Daha geniş kapsamlı değinmemiz gereken içimizdeki yangını, Gazze’yi düşünün, İslamiyet’in hakim olduğu bir politika da Gazze bu durumda olmazdı. Kıbrıs’ta başörtüsü yasaklansın diye gudubet ve çarpık bahaneler öne sürerek sokaklara çıkılmazdı. Hırsızlıklar savunulmaz, Camilerde ibadet edilirken davullar çalınmaz, Mezarlıklara saldırılar düzenlenmezdi. İsrail dostumuz diyen Müslüman ülkeler ve Filistin benim sorunum değil diyen kukla yöneticiler olmazdı. 2010 yılından 2025 yılına kadar Müslüman Âlimler Birliğinin zulmü durdurmak adına yaptığı 3 Cihat çağrısı sadece söylemde kalmazdı… Tüm bu yaşananlar aslında ayrı başlıklar altında tek tek konuşmamız gereken ve artık susmadan konuşmamız gereken konulardır. Kiminin Cihadı da kalemidir.
Son yıllarda, Küresel ölçekte yaşanan, Zulümler, Katliamlar, Sömürüler, Yapay Salgınlar, Hastalıklar, Sahte İklim Kanunları, Vergi savaşları, Ekonomik krizler ve savaşlara bakılınca ise Dünya’nın artık bu yükü kaldıramadığının kanıtına şahit olduğumuzu söyleyebilirim.
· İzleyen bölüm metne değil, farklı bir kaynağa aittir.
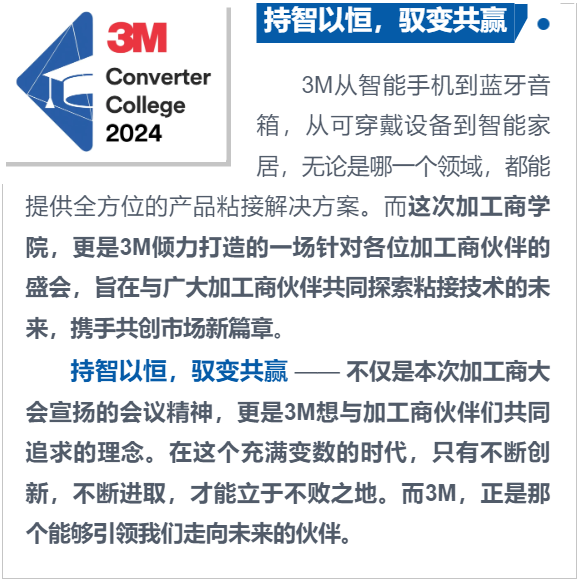 在这个充满机遇与挑战的时代,3M希望成为你值得信赖的合作伙伴。2024 3M中国加工商学院,将是你不可错过的行业交流机会。
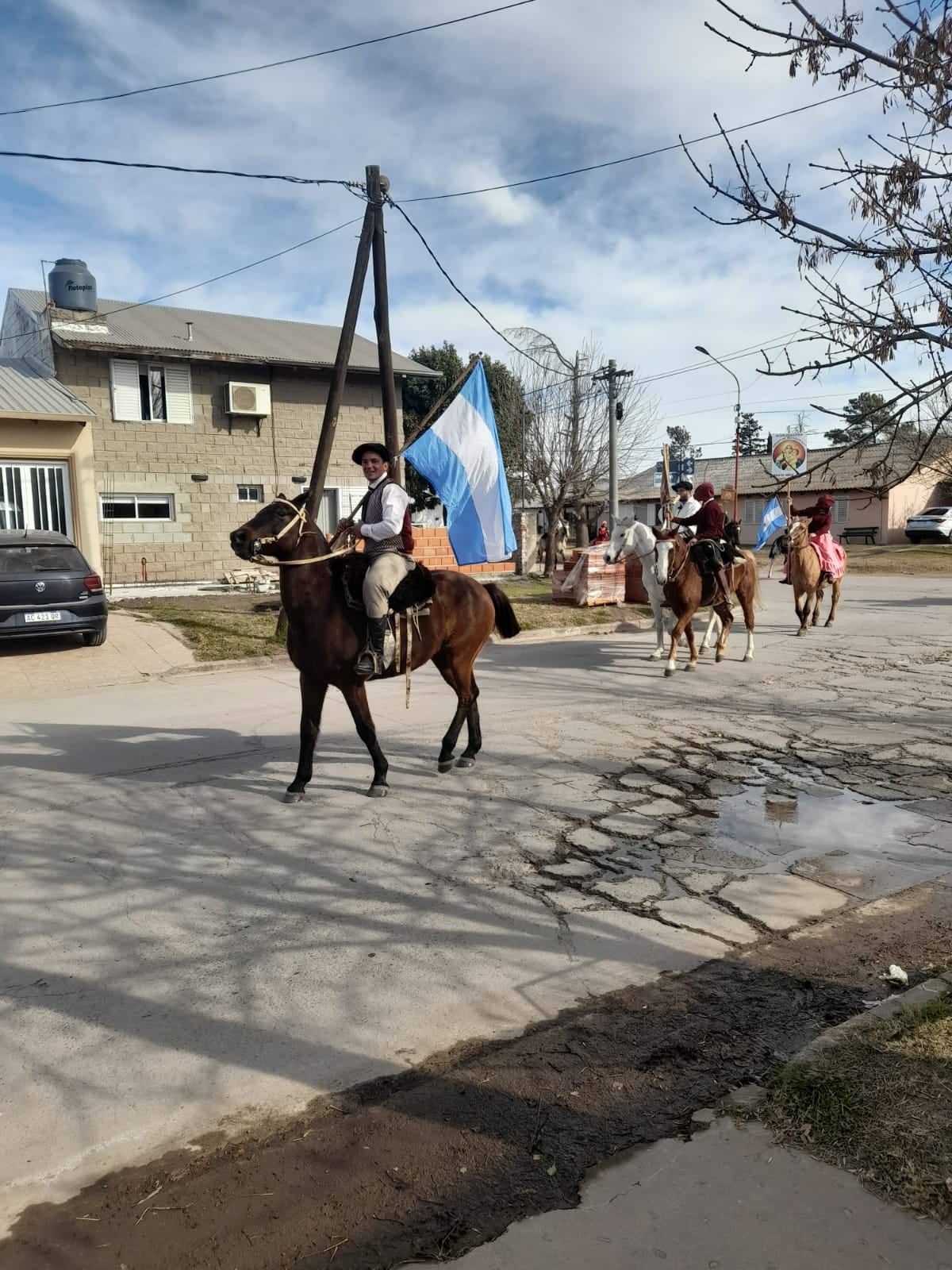 En el final, los alumnos del Divino Niño Jesús hicieron una representación artística con la canción “Salve Argentina” en homenaje a tan emotiva celebración. Previo al acto principal, agrupaciones gauchas desfilaron a caballo por las calles del pueblo para finalizar su recorrido en la plaza.

Nizâmülmülk’ün Siyasetnâme’sinde yer verdiği “Küfür ile belki ama zulüm ile âbâd olmaz devletler” tespiti, zulmün arşa ulaştığı bu dönemde zalimlerin karşılaşacağı mutlak sonu göstermektedir.
Velhasıl-ı Kelam, Dünya, bu maddi ve manevi krizi yaşarken, varoluş sebebine sığınarak kalbi mutmain zeminde tutmak, tarihin doğru tarafında olmaya muktedir olup, bilip bilmeden ortaya atılan çarpık söylemlere itibar edilmemesi, İnandığı değerlerin analizini yaparak inancıyla zıt düşmemeye özen gösterilmesi, ve hakikatin araştırılarak içselleştirilip yaşantımıza entegre edilmesi belki de kurtuluşumuzun vesilesi olacaktır.